To to display an image, your application also needs to:

• attach to the image library
• load the image file
• attach to a GF surface for the image
• blit the image onto the target surface
• clean up allocated resources and detach from the GF surface and image library

Let's look at each of these steps in a little more detail.

Attaching to the image library

When you call img_lib_attach(), the image library initializes and loads the codecs it finds listed in the img.conf configuration file. You can customize this file to load just the codecs your application requires, and change the location where the image library looks for it by setting the LIBIMG_CFGFILE environment variable. By default, the library checks the default location /etc/system/config/img.conf.
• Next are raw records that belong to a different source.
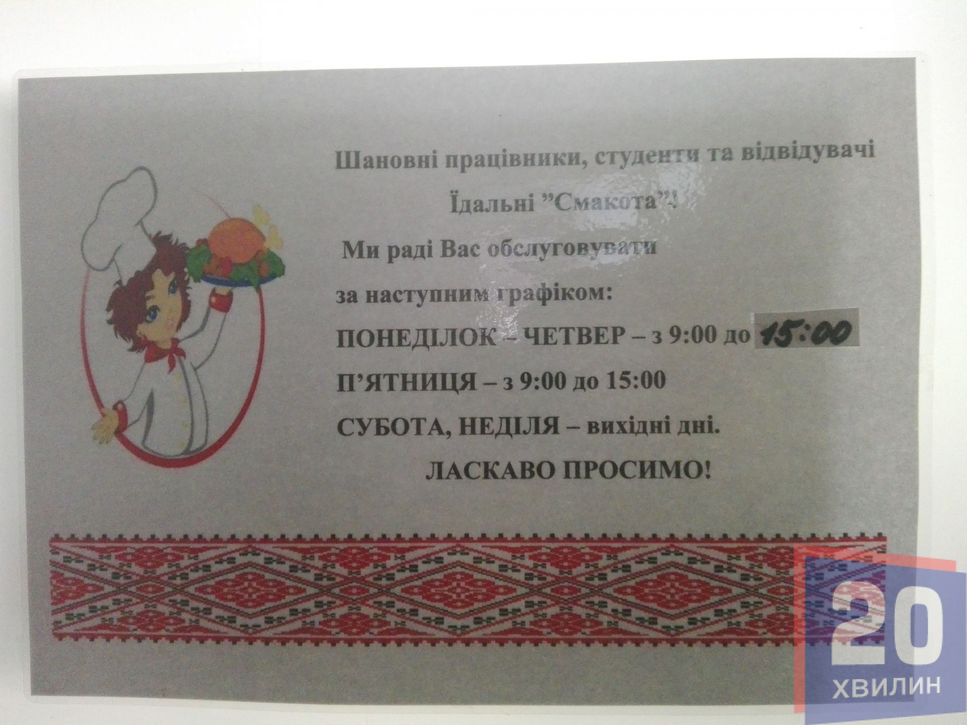 Цикл публікацій про тернопільські їдальні продовжує "20 хвилин". Ми перевіряємо популярні їдальні міста, де можна швидко та недорого поїсти. Звертаємо увагу на ціни, санітарію, обслуговування закладу. А прочитати про це ви можете щопонеділка о 19.00.
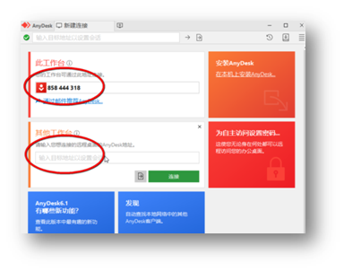 打開后可以看到圖中這樣的主界面,要使用它只看圈出的這兩處數(shù)字框就行。上面這行是當前電腦的9位數(shù)字AnyDesk地址,在下面這個框輸入遠程受控端的9位數(shù)地址然后點擊“連接”,等對方回應就可以了。
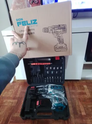 Taladro atornillador eléctrico marca DON FELIZ. - Incluye maletín con accesorios. - Batería de litio recargable.
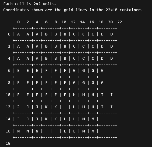 >>110006263this is the list of tiles and their dimensions I put it into chatgpt and it gave me picrel but said it was impossible to eliminate gaps without rotating6x2 6x6 6x6 6x6 6x6 6x6 4x4 4x4 4x4 4x4 4x6 8x4 6x4 6x4
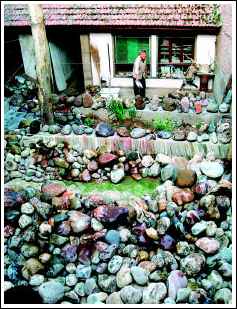 當(dāng)問(wèn)到老人平時(shí)都是怎樣處理這些石頭的,老人一下子來(lái)了興致,他走到小獨(dú)院中間,一邊給他那些心愛(ài)的石頭澆水清洗,一邊給記者介紹說(shuō):“這些石頭都是我從涇河里撿回來(lái)的,現(xiàn)在這里的石頭基本上都是當(dāng)初的模樣沒(méi)有改變,我撿回來(lái)后第一道工序就是先給它們‘洗澡’,然后再用砂石將它們磨得光亮圓滑,最后再在它們的表面上涂上一層凡士林或是蠟油,因?yàn)槭怯^賞石,所以要顯得有光澤嘛!可以說(shuō)這些石頭和我以前弄的那些根雕就是我現(xiàn)在的生活寄托??!”
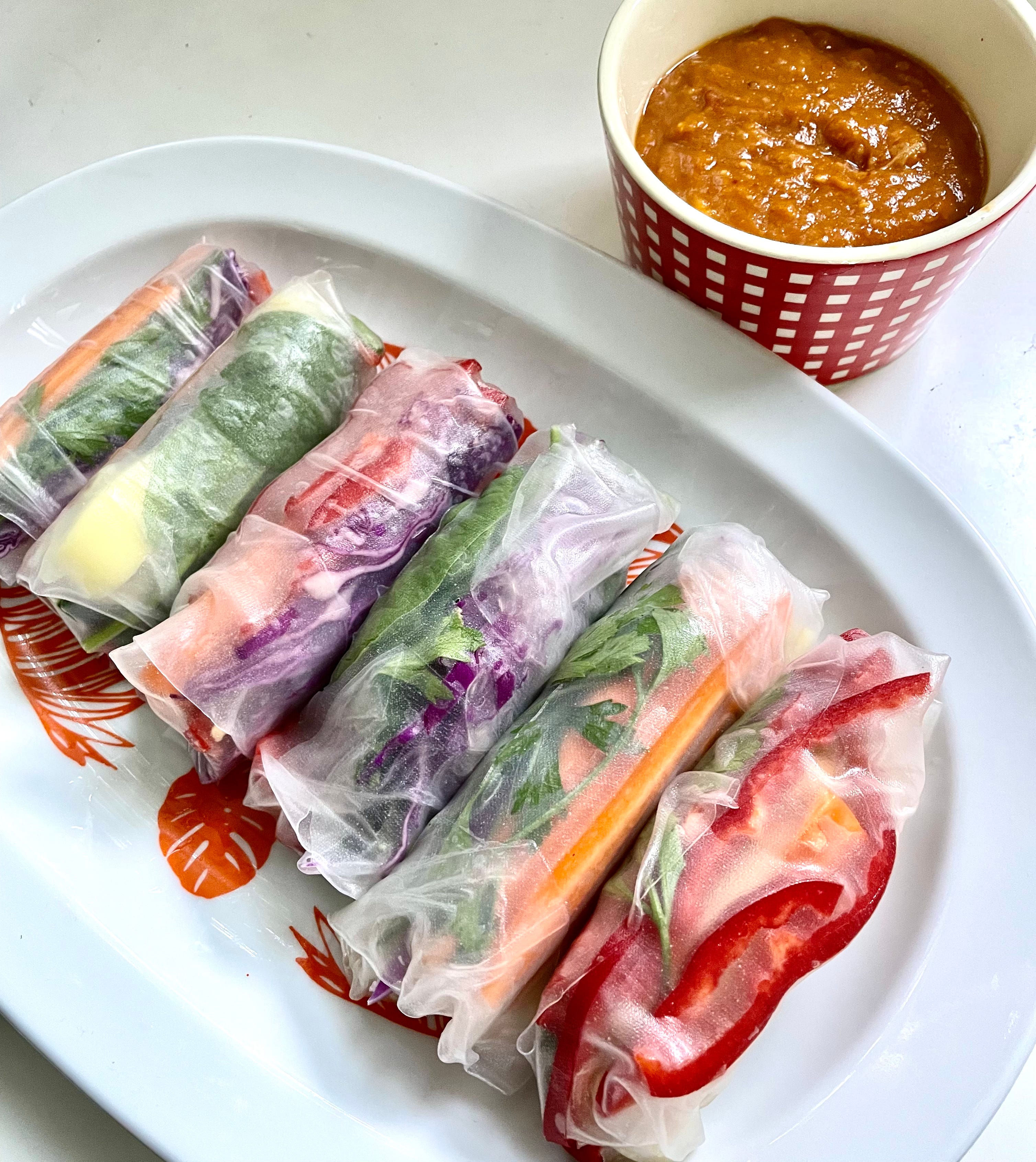 Înmoaie în apă rece câte o foaie de orez și umple-o cu morcov, gulie/varză și ardei kapia tăiate bastonașe, plus niște frunze de pătrunjel. Fă 3 sau 4 de persoană. Într-un bol, amestecă 3-4 linguri de unt de arahide, ghimbir proaspăt ras, 1 lingură de sos de soia, una de miere, puțină pastă de ardei iute sau fulgi de ardei iute și zeama de la 2 limete. Pune sosul pe pachețele sau pachețelele în sos, cum dorești. Se mănâncă pe loc, că foile de orez se usucă - instrucțiuni mai detaliate aici)
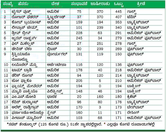 2013ರ ವಿಶ್ವದ 100 ಶ್ರೀಮಂತ ಕ್ರೀಡಾಪಟುಗಳ ಪಟ್ಟಿಯನ್ನು ಶುಕ್ರವಾರ ಫೋಬ್ಸ್ ನಿಯತಕಾಲಿಕ ಪ್ರಕಟಿಸಿದೆ. ಇದರಲ್ಲಿ ಅಮೆರಿಕದ ಗಾಲ್ಫರ್ ಟೈಗರ್ ವುಡ್ಸ್ ಅಗ್ರಸ್ಥಾನದಲ್ಲಿದ್ದಾರೆ. ಅವರು ವಾರ್ಷಿಕ ಒಟ್ಟು 445 ಕೋಟಿ ರೂ. ಸಂಪಾದಿಸುತ್ತಿದ್ದಾರೆ. ಕೇವಲ ಜಾಹೀರಾತಿನಿಂದ ಅವರಿಗೆ 370 ಕೋಟಿ ರೂ. ಬರುತ್ತಿದೆ. ನಂತರದ ಸ್ಥಾನದಲ್ಲಿ ಸ್ವಿಟ್ಜರ್ಲೆಂಡ್ನ ರೋಜರ್ ಫೆಡರರ್ (407 ಕೋಟಿ ರೂ.), ಅಮೆರಿಕದ ಕೋಬ್ ಬ್ರಯಾಂಟ್ (353 ಕೋಟಿ ರೂ.) ಇದ್ದಾರೆ. 2012ರಲ್ಲಿ ಫೋಬ್ಸ್ ಪ್ರಕಟಿಸಿದ್ದ ಪಟ್ಟಿಯಲ್ಲಿ ಫೆಡರರ್ ಅಗ್ರಸ್ಥಾನದಲ್ಲಿದ್ದರು.
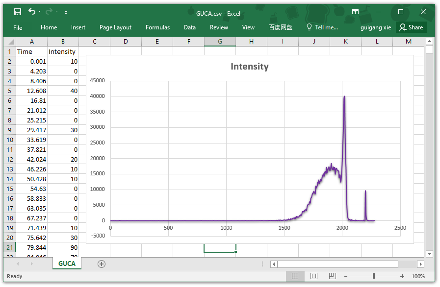 首先,我们从肉眼可以看见,目标信号可能存在有两个峰:第一个峰状态比较差,范围是1900到2100秒左右;第二个峰为就是一个比较窄和矮一些的尖峰,信号范围大概是2100到2200秒左右。
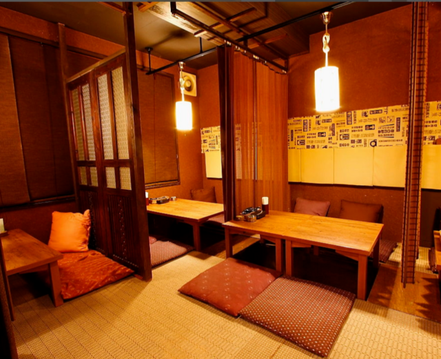 ゆったりとしたソファ席の個室、ベンチ式の個室、座敷の個室、掘りごたつの個室など多様な個室があり、どの個室もくつろぐ事ができます。
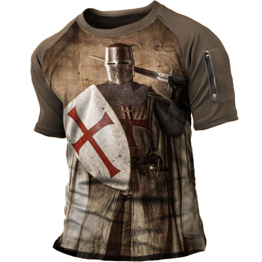 Templar Print Men's Outdoor Tactical Zip Raglan T-Shirt
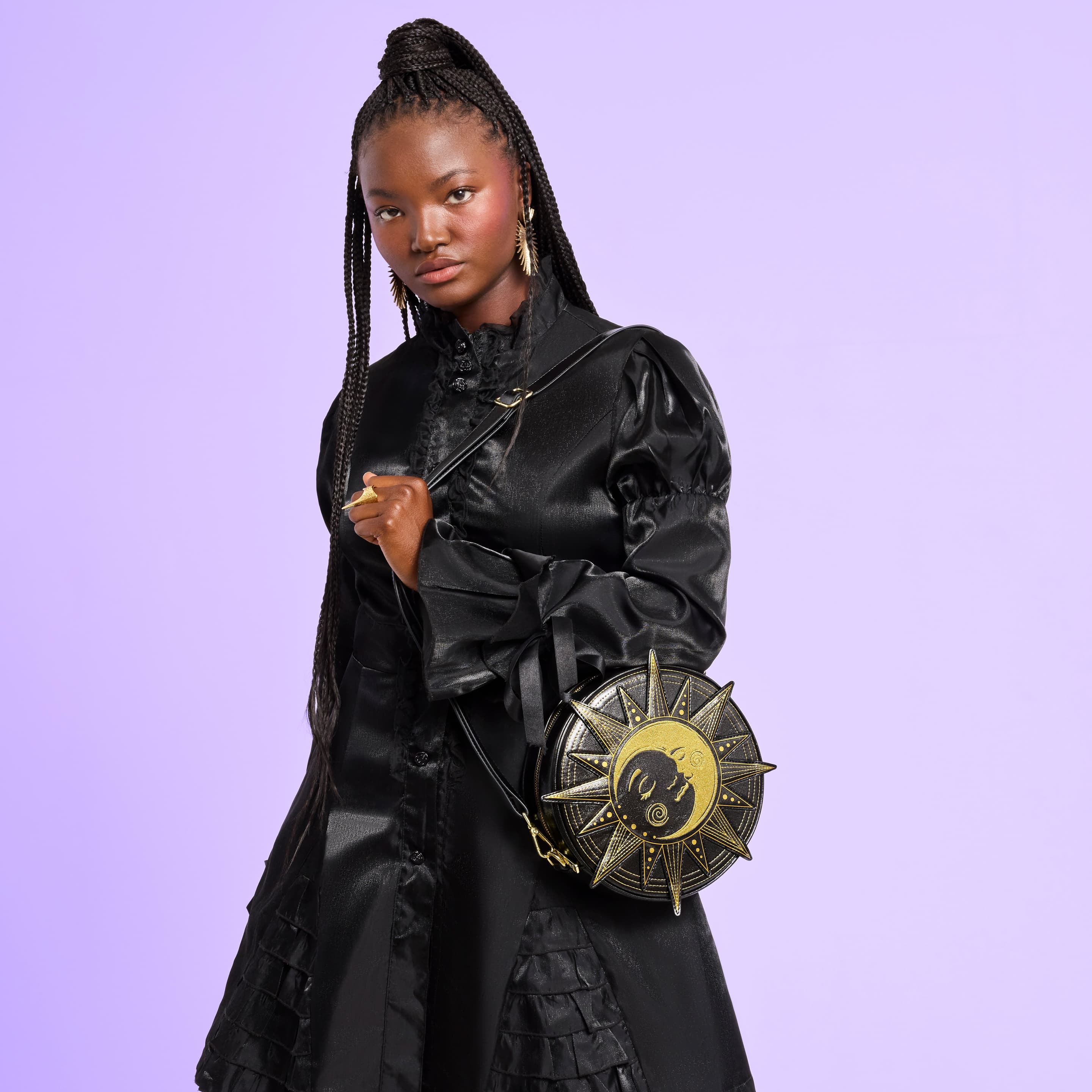 Diese Umhängetasche ist bereit, mit jedem Teil Ihrer Garderobe ein Statement zu setzen! Sie ist rund und mit einer Sonne und einem Mond verziert, die sich aneinander schmiegen. Drehen Sie die Tasche um, um funkelnde Sterne am wolkenverhangenen Nachthimmel zu entdecken. Metallisches Kunstleder lässt die Details richtig zur Geltung kommen!

See The img.conf Configuration File for more information about the format of this file.

To use img_lib_attach():

img_lib_t ilib = NULL;
int rc;
...
if ((rc = img_lib_attach(&ilib)) != IMG_ERR_OK) {
                fprintf(stderr, "img_lib_attach() failed: %d\n", rc);
                return -1;
        }

Loading the image

Loading an image involves these steps:

1. Enumeration of codecs

   First, you need a list of codecs that are installed, which you can retrieve by calling img_codec_list().

   ---

   If you have additional information about the data (for example, a mime-type or extension), you could use a variant such as img_codec_list_byext() or img_codec_list_bymime(). This will give you a list of codecs including only those that match the specified criteria. Keep in mind though, that extensions or mime types do not necessarily guarantee the data is of a specific format (that is, they can lie). So it's always good to be prepared to try all the codecs if one that handles the format that data claims to be in fails.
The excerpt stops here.